Self-inflicted wounds represent the third most common method of suicide. These most often include slashings, involving forks, bolts, knives, needles, razors, and bits of wire. Some swallow foreign objects. For example, one woman in Kingston Penitentiary broke a water glass against her cell wall, wrapped the broken pieces in damp toilet paper-ball, then swallowed it, resulting in fatal bowel perforations that would take 6 days to kill her. Inmates have also used paper clips to slash their wrists, but razor blades, which are preferred, are often accessible enough. Others have cut their throats, necks, and stomachs, but a few have also slashed their thighs. Sometimes, victims slash combinations of these body sites simultaneously, or combine slashings will drug overdoses, ensuring a death if one or the other methods fails. Slashings are not unheard of in condemned convicts just before their execution date. A more chilling case of suicide was that of Thai baby-slasher Sawai Palaphol, who repeatedly bashed his head into the prison wall until he collapsed, dead. One pathologically suicidal woman in a Warm Springs mental hospital tried to commit suicide by slashing her arms with a broken light bulb, by swallowing seven AA batteries and two razor blades, and by eating two-thirds of a tennis shoe, according to the Great Falls Tribune.
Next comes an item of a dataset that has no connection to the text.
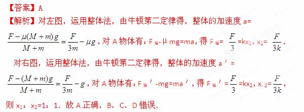 (2013山东师大附中质检)如图所示,在粗糙的水平面上,质量分别为m和M(m:M=1:2)的物块A、B用轻弹相连,两物块与水平面间的动摩擦因数相同,当用水平力F作用于B上且两物块共同向右加速运动时,弹簧的伸长量为x1;当用同样的大小的力F竖直加速提升两物块时,弹簧的伸长量为x2,则x1:x2等于

Most prison suicides remain private and acceptably ignored by fellow inmates and correctional staff, unless the victim is high-profile, or a so-called "bug." Media reports are similarly disinterested, and usually report the suicide in a pragmatic, non-analytical, presupposing fashion.

Warning Signs

When discussing factors contributing to the desire to kill oneself while incarcerated, the answer seems self-evident; social isolation, harsh discipline, lack of privacy, constant threat of violence, fear, guilt, hopelessness, and depression all take a heavy toll on the human spirit. However, several common stressors typically precede an inmate suicide: 50% of suicide victims in New York prisons recently experienced inmate-inmate conflict, 42% experienced recent disciplinary action, 40% were in a state of fear, another 42% were physically ill, and an overwhelming 65% had either lost "good time" privileges or had severed relationships with friends or family. Many suicide victims saw a mental health service-provider before their suicide, but the majority of suicide victims are not mentally ill (Way, Miraglia, Sawyer 2005).

While increased security measures have likely reduced the number of suicides (and likely increased the total budget of correctional departments), the motivation to commit suicide must be equally considered in prevention. This, however, represents a paradox, particularly for lifers: how do we make an inmate want to live within a disciplinary environment that makes the inmate want to die? The traditional methods of preventing suicide used on the outside do not work on the inside, nor are they acceptable among the many proponents of retributive-punishment. Treatment programs remain a successful alternative, and fit well into the existing prison structure, although there is a reluctance to employ programming that does not target the needs that put the offender in jail, in the first place. More research needs to be done to conclusively establish the proper prevention of suicide in prison.